Bug 1384845

Summary: [RFE] tuned and tuned NFV profile installation and configuration, on the overcloud
Product: Red Hat OpenStack Reporter: Franck Baudin <fbaudin>
Component: openstack-tripleo-puppet-elementsAssignee: RHOS Maint <rhos-maint>
Status: CLOSED ERRATA QA Contact: Ofer Blaut <oblaut>
Severity: medium Docs Contact:
Priority: high    
Version: 10.0 (Newton)CC: atelang, dnavale, edannon, fbaudin, hbrock, jjung, jslagle, lbopf, mbabushk, mburns, nlevinki, oblaut, rhel-osp-director-maint, sclewis, sgordon, skramaja, tvignaud, vchundur, wchadwic, yrachman, zgreenbe
Target Milestone: Upstream M1Keywords: FutureFeature, InstallerIntegration, Triaged
Target Release: 12.0 (Pike)   
Hardware: x86_64   
OS: Linux   
URL: https://blueprints.launchpad.net/tripleo/+spec/tuned-nfv-dpdk
Whiteboard: upstream_milestone_pike-1 upstream_definition_approved upstream_status_implemented
Fixed In Version: openstack-tripleo-puppet-elements-7.0.0-0.20170614005502.9285877.el7ost Doc Type: Known Issue
Doc Text:
When an overcloud image is shipped with 'tuned' version lower than 2.7.1-4, you should apply a manual update of the 'tuned' package to the overcloud image. If the 'tuned' version is equal to 2.7.1-4 or higher, you should provide the list of the core to 'tuned' and activate the profile, for example: # echo "isolated_cores=2,4,6,8,10,12,14,18,20,22,24,26,28,30" >> /etc/tuned/cpu-partitioning-variables.conf # tuned-adm profile cpu-partitioning This is a known issue until the 'tuned' packages are available in the Centos repositories.
Story Points: ---
Clone Of:
: 1441923 (view as bug list) Environment:
Last Closed: 2017-12-13 20:46:56 UTC Type: Bug
Regression: --- Mount Type: ---
Documentation: --- CRM:
Verified Versions: Category: ---
oVirt Team: --- RHEL 7.3 requirements from Atomic Host:
Cloudforms Team: --- Target Upstream Version:
Embargoed:
Bug Depends On:    
Bug Blocks: 1235009, 1341176, 1414580, 1441923, 1442136, 1445709, 1445858, 1469555    

Description Franck Baudin 2016-10-14 09:10:24 UTC
Description of problem:

For NFV compute composable roles  we need to install and enable tuned package and NFV profile, in order to configure CPUAffinity and IRQ Repinning on the hosts. As of RHOSP10, this isbe done via first-boot scripts, but it would be appropriate if it's done via puppet manifests during deployment.

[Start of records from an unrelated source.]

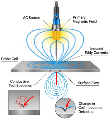 Eddy Current Testing (ECT) is a non-destructive testing (NDT) method that relies on electromagnetic induction to detect flaws in conductive materials. A probe containing a coil is energized with alternating current, which generates a changing magnetic field. When the probe is brought near a conductive material, this field induces circulating electrical currents—called eddy currents—at the surface. These eddy currents in turn produce their own opposing magnetic fields, which alter the electrical impedance of the probe’s coil. If the material is free from defects, the eddy currents flow in a predictable way. However, when there is a discontinuity such as a crack, corrosion pit, or thinning of the material, the flow of eddy currents is disrupted, and the resulting change in coil response is measured and displayed on an instrument.
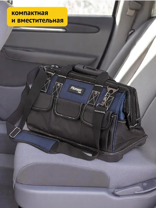 Сумка для инструментов Pioneer BG-04, 16 карманов, 20 л, металлический каркас, твердое дно, 43х20х29 см: сравнение цен, характеристики, фото, актуальное наличие и цены.
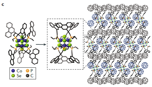 有机无机杂化材料的出现为超原子晶体的组装提供了新的思路。例如超原子的电结晶,可以利用超原子簇作为构建模块组装形成具有晶格的晶状固体,其中超原子上的氰化物配体能够通过氢键作用引导晶格的形成。因此利用有机电活性分子结合富电超原子簇可以组装形成新型的二元超原子晶体。在这类晶体中,电荷向电子受体单元(例如C60)转移,通过电荷转移驱动作用聚集组装产生二元离子组分。因此,电子受体单元如C60、C70以及富勒烯等也可以组装形成碳基超原子晶体。除此之外,电互补性较强的无机构建模块,如金属硫化物、金属氧化物或者金属卤化物均可以组装形成超原子晶体。
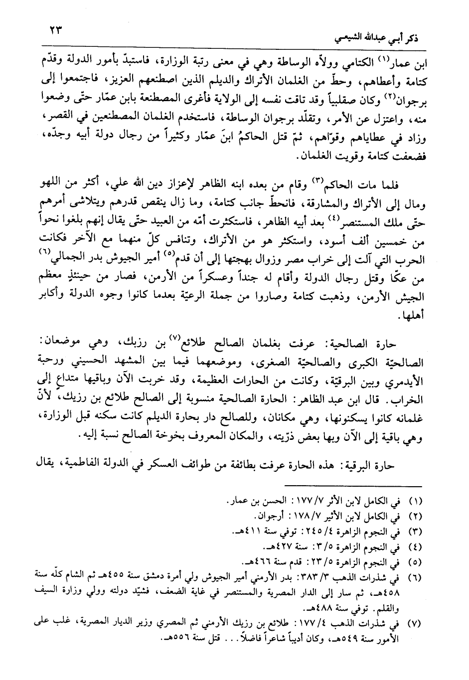 فلما مات الحاكم «3» وقام من بعده ابنه الظاهر لإعزاز دين الله علي، أكثر من اللهو ومال إلى الأتراك والمشارقة، فانحطّ جانب كتامة، وما زال ينقص قدرهم ويتلاشى أمرهم حتّى ملك المستنصر «4» بعد أبيه الظاهر، فاستكثرت أمّه من العبيد حتّى يقال إنهم بلغوا نحوا من خمسين ألف أسود، واستكثر هو من الأتراك، وتنافس كلّ منهما مع الآخر فكانت الحرب التي آلت إلى خراب مصر وزوال بهجتها إلى أن قدم «5» أمير الجيوش بدر الجمالي «6» من عكّا وقتل رجال الدولة وأقام له جندا وعسكرا من الأرمن، فصار من حينئذ معظم الجيش الأرمن، وذهبت كتامة وصاروا من جملة الرعيّة بعد ما كانوا وجوه الدولة وأكابر أهلها.
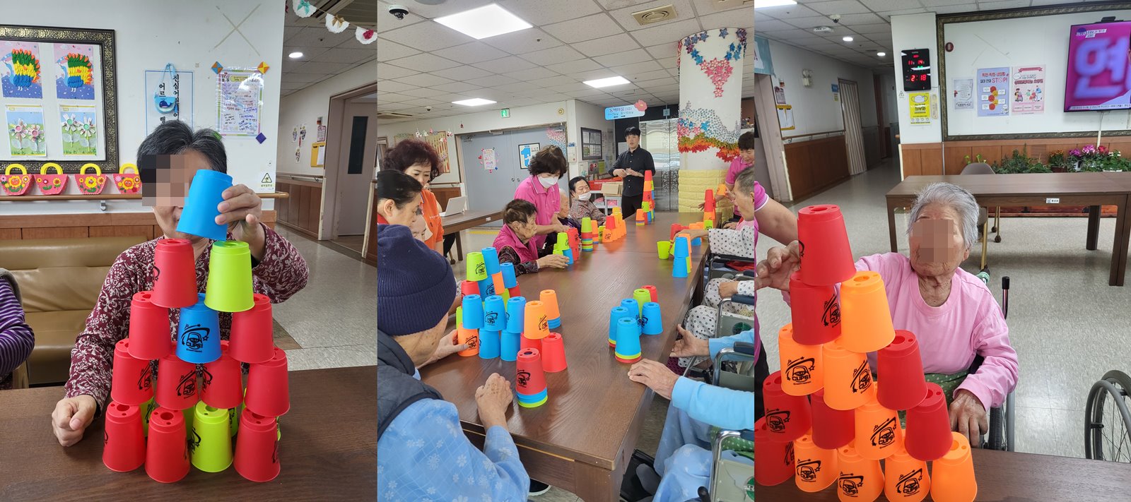 어르신들께서 언제나 재미있게 하시는 컵쌓기 시간입니다~
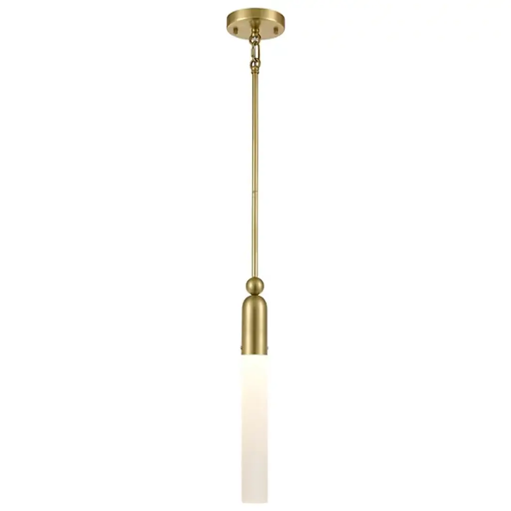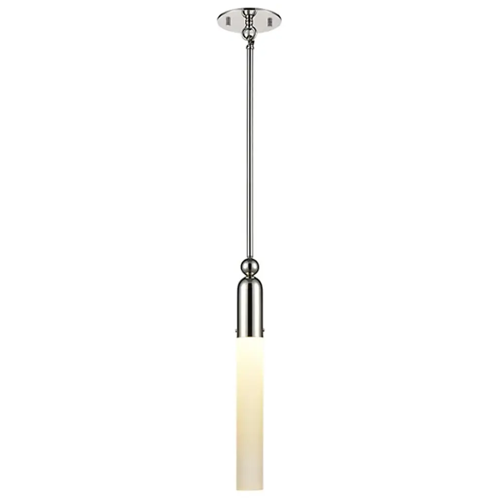 The Fusion Mini Pendant from Zeev Lighting accents the room all alone or as a multiple with an attention to detail. The modern piece features a slim profile for versatile placement. Its slender rod, canopy, and lamp holder share a reflective finish that draws the eye at any time of day. The round features of the lamp holder pop against the milky acrylic diffuser. This diffuser sends down a smooth cast light below.

Comment 1 Yariv 2016-11-24 13:55:27 UTC
https://blueprints.launchpad.net/tripleo/+spec/tuned-nfv-dpdk

Is it only for DPDK?

Comment 5 Vijay Chundury 2016-12-06 09:58:10 UTC
(In reply to Yariv from comment #1)
> https://blueprints.launchpad.net/tripleo/+spec/tuned-nfv-dpdk
> 
> Is it only for DPDK?

Tune-d is definitely needed to provide affinitiy and isolation for host cores/DPDK PMD(guest)cores respectively, for OVSDPDK usecase.

In case of SRIOV i would think the re-mapping of system interrupts to the Host CPU's would be needed. 

Regards
Vijay.

Comment 13 Saravanan KR 2017-01-09 06:36:24 UTC
Working on upstream blueprint - https://blueprints.launchpad.net/tripleo/+spec/tuned-nfv-dpdk.

Review - https://review.openstack.org/#/c/411797/

Comment 14 atelang 2017-01-09 12:04:31 UTC
Patches upstream. Owner: skramaja

Comment 15 Saravanan KR 2017-01-10 13:33:59 UTC
tripleo-puppet-elements review, https://review.openstack.org/#/c/418348/

Comment 17 Stephen Gordon 2017-01-17 20:15:46 UTC
Can you give a bit more context as to what is actually being done here? Is this profile being enabled for *all* Compute nodes, or only those specific subsets (Dpdk, SR-IOV, in the future real-time) that require it?

Comment 18 Saravanan KR 2017-01-18 05:33:25 UTC
(In reply to Stephen Gordon from comment #17)
> Can you give a bit more context as to what is actually being done here? Is
> this profile being enabled for *all* Compute nodes, or only those specific
> subsets (Dpdk, SR-IOV, in the future real-time) that require it?

By default, it is disabled. And it is independent of a feature. If a particular deployment needs tune-d support for a role, the corresponding role has to add the parameter and environment file. It is applied to all the nodes in the given role.

Assuming a cluster has multiple roles, like
* Normal Compute (Compute)
* Compute with DPDK (ComputeOvsDpdk)
* Compute with SR-IOV (ComputeSriov)

then, in order to enable the tune-d profile in ComputeOvsDpdk and ComputeSriov, following parameter has to be given:

  ComputeOvsDpdkTunedProfileName: "cpu-partitioning"
  ComputeSriovTunedProfileName: "cpu-partitioning"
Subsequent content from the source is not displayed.